During strobilation, the polyp stacks tiny disc-like ephyrae that break off and develop into juvenile jellies. This ability to clone and reproduce asexually means jellyfish can quickly take advantage of favorable conditions, leading to the massive blooms divers witness during Salish Sea summers. Some polyps may produce genetically identical clones, while others undergo sexual reproduction to introduce new genetic material.

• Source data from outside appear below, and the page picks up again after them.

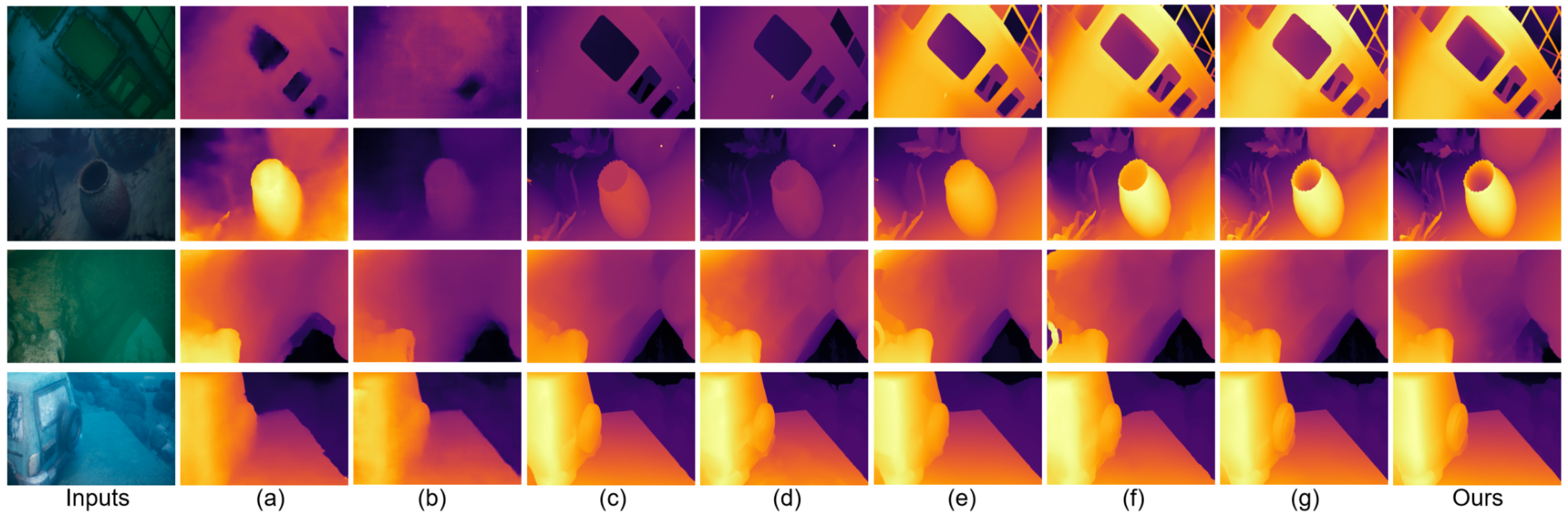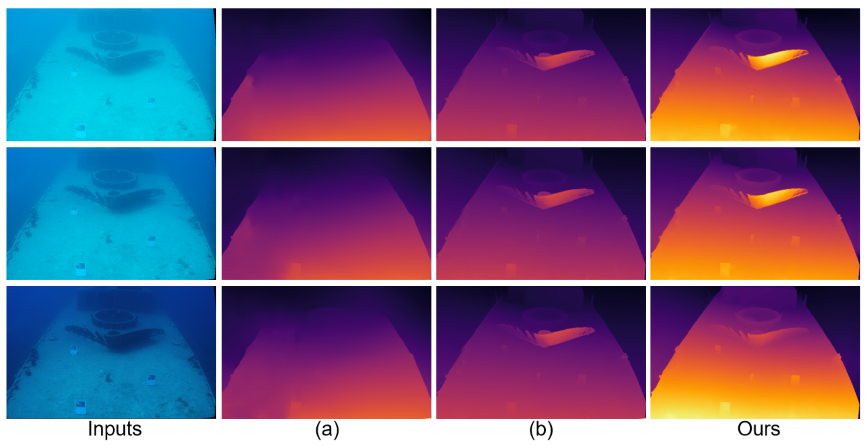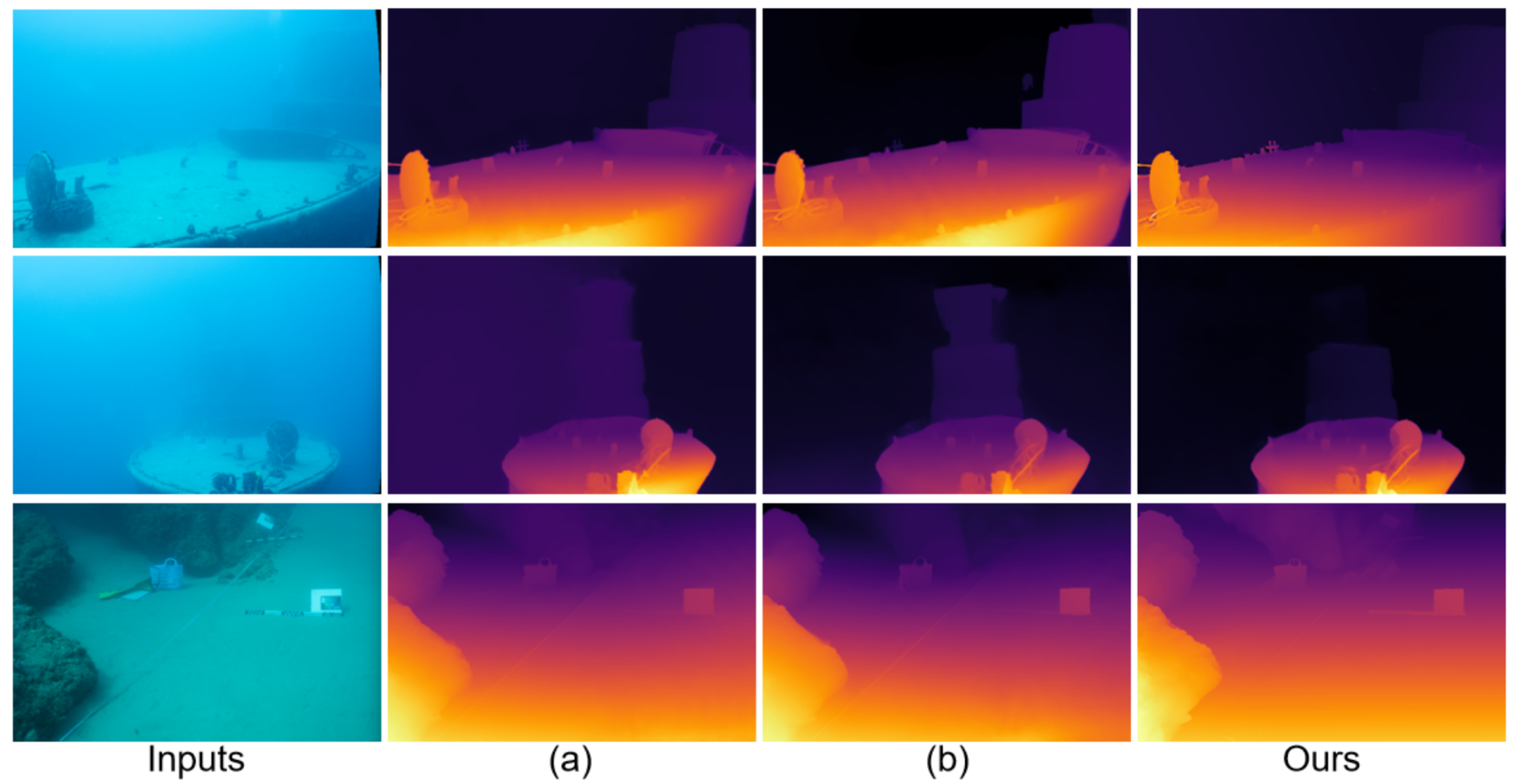In summary, synthetic underwater datasets lack real degradation priors, large-model transfer ignores underwater domain differences, and image enhancement fails to simultaneously balance dehazing, edge preservation, and detail retention. These issues result in significant errors in the final depth maps within occluded regions, low-texture regions, and distant regions.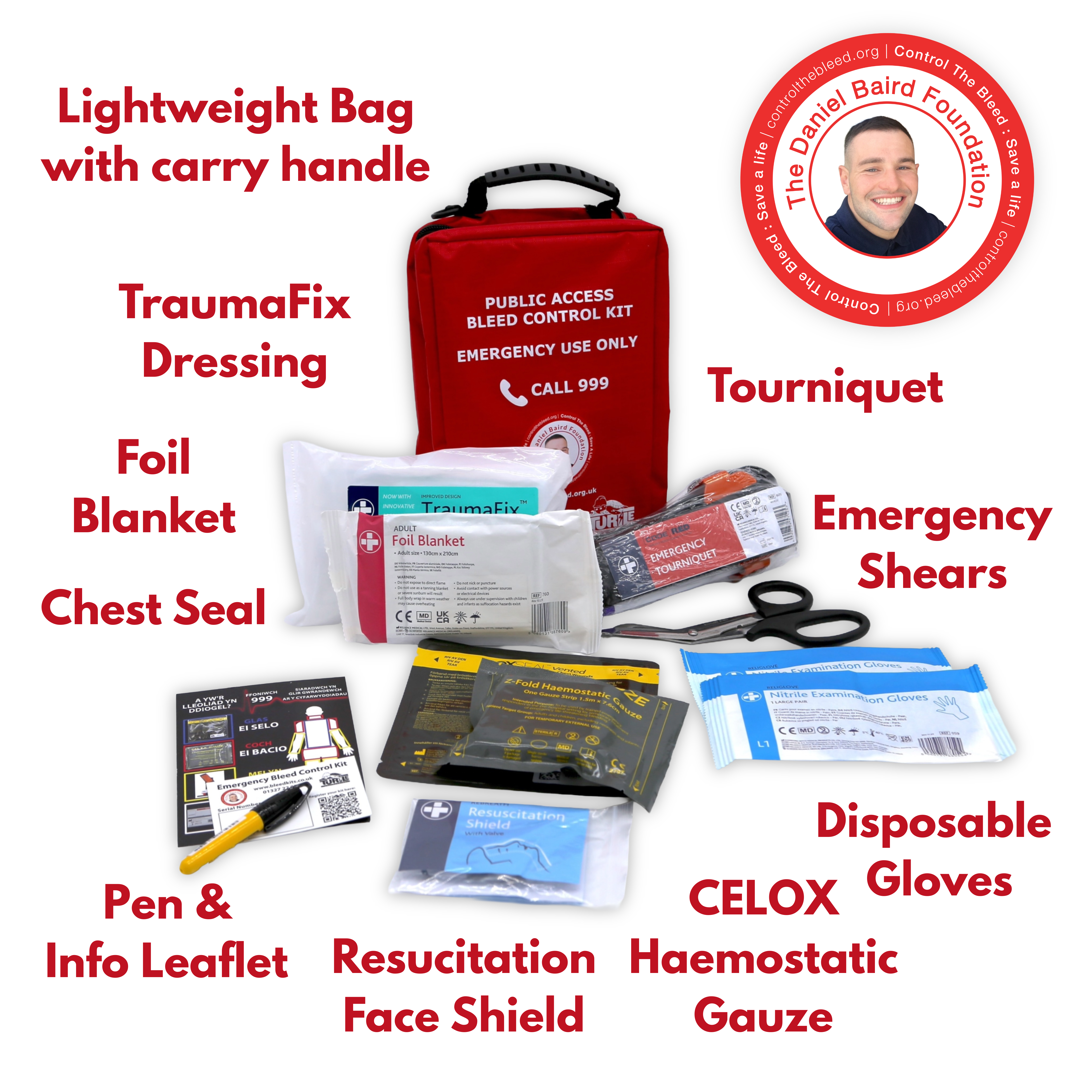 Catastrophic bleeding is a medical emergency where every second matters. The Daniel Baird Bleed Control Kit is specifically designed to help manage life-threatening bleeds before professional help arrives.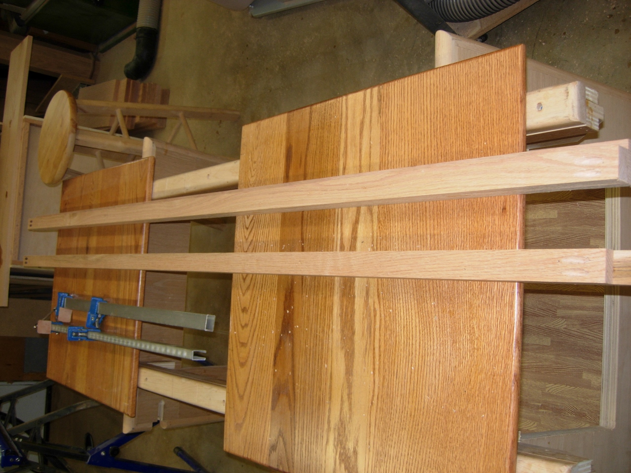 The last thing that I am working on today are the front and rear beams that will span the room and support the cabinets. I am making 1″ thick rails that will bolt to the wall, and attaching these beams to them. I am laminating together a 1″ thick piece to a 3/4″ thick piece for each. this will keep them straight and significantly add to their support strength. I will be making cross pieces as well, but that will be tomorrow’s fun.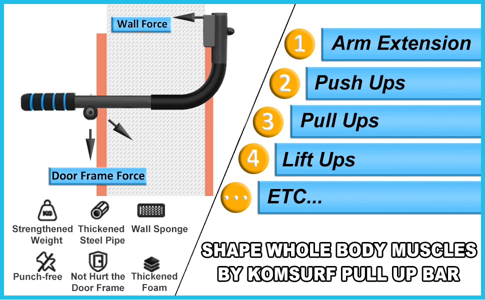 komsurf شريط سحب للمدخل، شريط سحب للمنزل، شريط الذقن متعدد الوظائف، شريط باب اللياقة البدنية المحمول، مدرب نظام الصالة الرياضية تجريب الجسم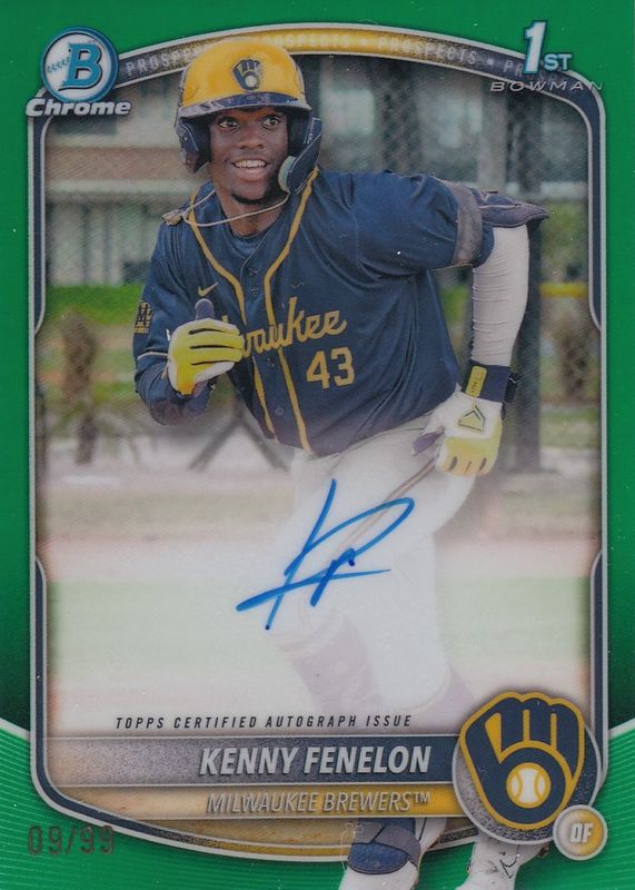 2025 Bowman Chrome Kenny Fenelon 1st True Green Auto /99 Brewers CPA-KF (DW)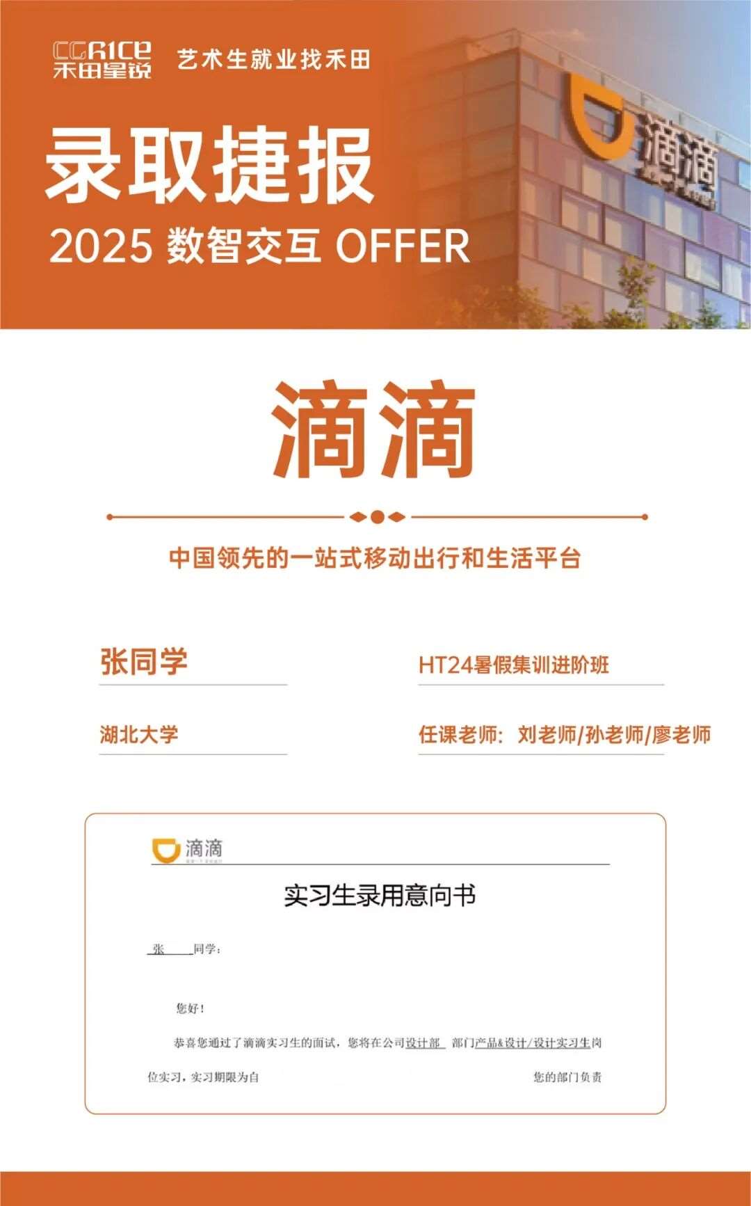 工信部数智设计产教融合专家、阿里巴巴认证AIGC设计专家;毕业于黑龙江大学艺术设计专业,UI教学经验丰富,带领学员入职字节跳动、蔚来、湖北广电等一线互联网企业、国企,曾担任凤凰传媒黑龙江事业部美编、武汉滴滴网络科技有限公司UI设计师、武汉小松科技有限公司设计主管*仅展示部分作品,以上作品均为禾田学员在校期间产出,禁止转载,侵权必究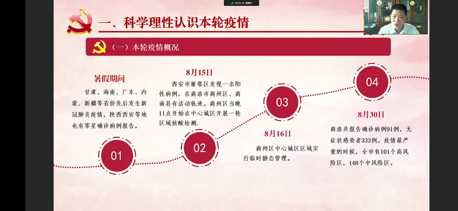 為深化大學(xué)生思想政治教育,強(qiáng)化師生疫情防控意識,引導(dǎo)廣大青年學(xué)生嚴(yán)格落實疫情防控各項工作要求,弘揚(yáng)偉大抗疫精神,以實際行動迎接黨的二十大勝利召開,8月31日下午,校領(lǐng)導(dǎo)張志昌、范新會、彭虎軍、劉勇、劉寶盈、王新軍、郭瑾以“云端授課”的形式,為全體學(xué)生講授“開學(xué)第一課”。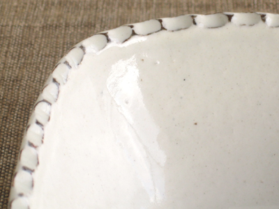 表面の釉薬は、艶のある質感で、よく見ると白地にほんのりグレーぽく出た部分があったりします。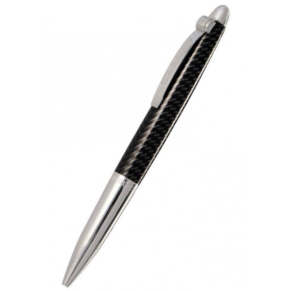 Add a dash of luxury to your desk with this sophisticated pen. The distinctive Art Deco-inspired design features an oval-shaped steel barrel, black carbon fiber, a large curvaceous clip, and engraved Charriol lettering. Certain to offer a comfortable, elegant, and luxurious writing experience, it boasts futuristic flair and fine craftsmanship.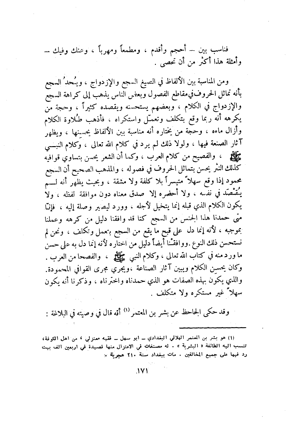 ونحن لم نستحسن ذلك النوع ووافقنا أيضاً دليل من اختاره لأنه إنما دل به على حسن ما ورد منه في كتاب الله تعالى وكلام النبي صلى الله عليه وسلم والفصحاء من العرب. وكان يحسن الكلام ويبين آثار الصناعة ويجرى مجرى القوافي المحمودة والذي يكون بهذه الصفات هو الذي حمدناه واخترناه وذكرنا أنه يكون سهلاً غير مستكره ولا متكلف.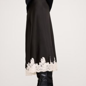 Stretch-Satin Lace-Hem Midi Skirt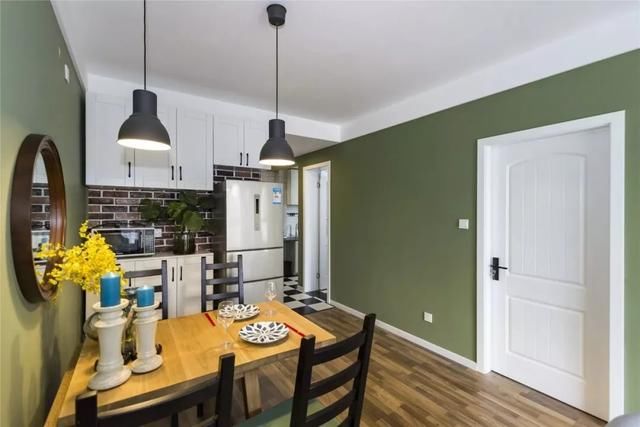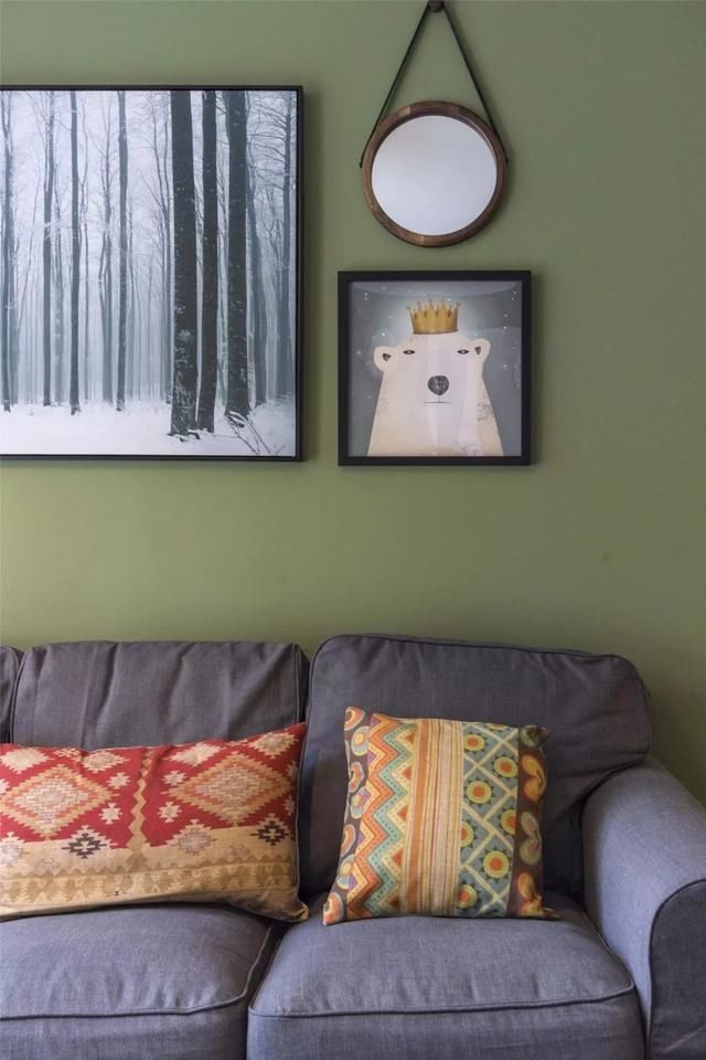 墙面也是与客厅一样的茶绿色,背景墙挂上一面圆形镜子。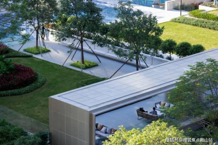 設計利用地形起伏,圍繞景觀水景建起涵蓋林下休閑、戶外會客、陽光草坪等多元化功能的城市客廳,結合節點處的蔥蘢綠植和隨時間更叠的光影變化,構築趨向於自然演繹的院落式生態場景。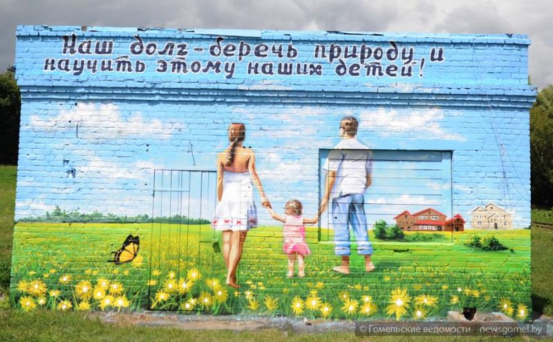 Так, Гомельский областной комитет природных ресурсов и окружающей среды с помощью художников компании «Фреш Дизайн» напоминает жителям и гостям нашего города, что «наш долг — беречь природу и научить этому наших детей!»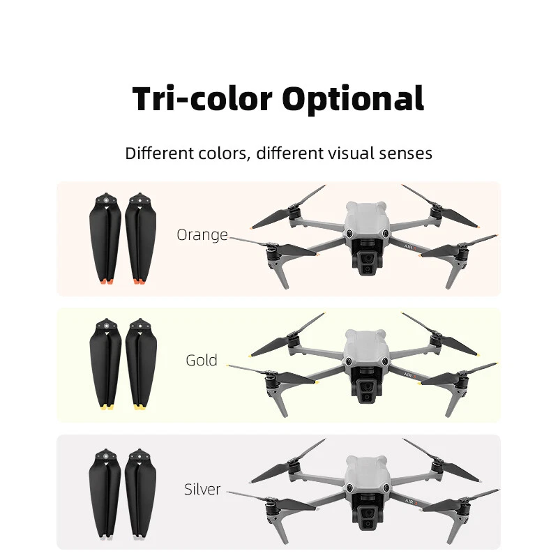 Product Description If you have any questions, please contact customer service first, do not open disputes easily, thank you! Feature: 1. High toughness material, high aerodynamic efficiency, 2. Low power consumption and strong endurance, 3. Classic quick release design, pressing and rotating, quick installation in one second. Specification: Material: PC Applicable models: For DJI Air 3 Color: Orange/Gold/Silver Net weight: 0.88oz.(25.2g) (2 pair), Package weight: 1.22oz.(35g)(2 pair), Product size: 8.74in(22.2cm)(diameter) Package Includes: 2 pair*Propeller Note: 1.Does not include Drone, 2.Transition: 1cm=10mm=0.39inch, 3.Please allow 1-3mm error due to manual measurement. please make sure you do not mind before ordering, 4.Due to the difference between different monitors, the picture may not reflect the actual color of the item,please make sure you do not mind before ordering, Thank you! About Us We accept all payments authorized by eBay. powered by

In particular, Moon Jellies are known for their resilience and adaptability. They can tolerate low-oxygen conditions better than many other marine organisms, allowing them to thrive in increasingly stressed ecosystems. Crystal Jellies exhibit a unique form of reproduction in which males and females release gametes into the water column, a method known as broadcast spawning—one of the most ancient reproductive strategies in the ocean.

Hanging beneath the bell, a jellyfish’s tentacles and oral arms serve as its defense system and means of feeding. Along the tentacles are thousands of specialized stinging cells called cnidocytes, each containing a microscopic harpoon-like structure known as a nematocyst. When triggered by touch or the presence of prey, these structures fire, delivering venom that can stun or immobilize small organisms. Moon jellies don’t chase their meals—they drift with open arms through clouds of plankton, letting the current deliver each bite. Their tentacles sweep plankton, tiny crustaceans, and larval fish toward their fringe of short, frilly oral arms, transporting the food to the central mouth.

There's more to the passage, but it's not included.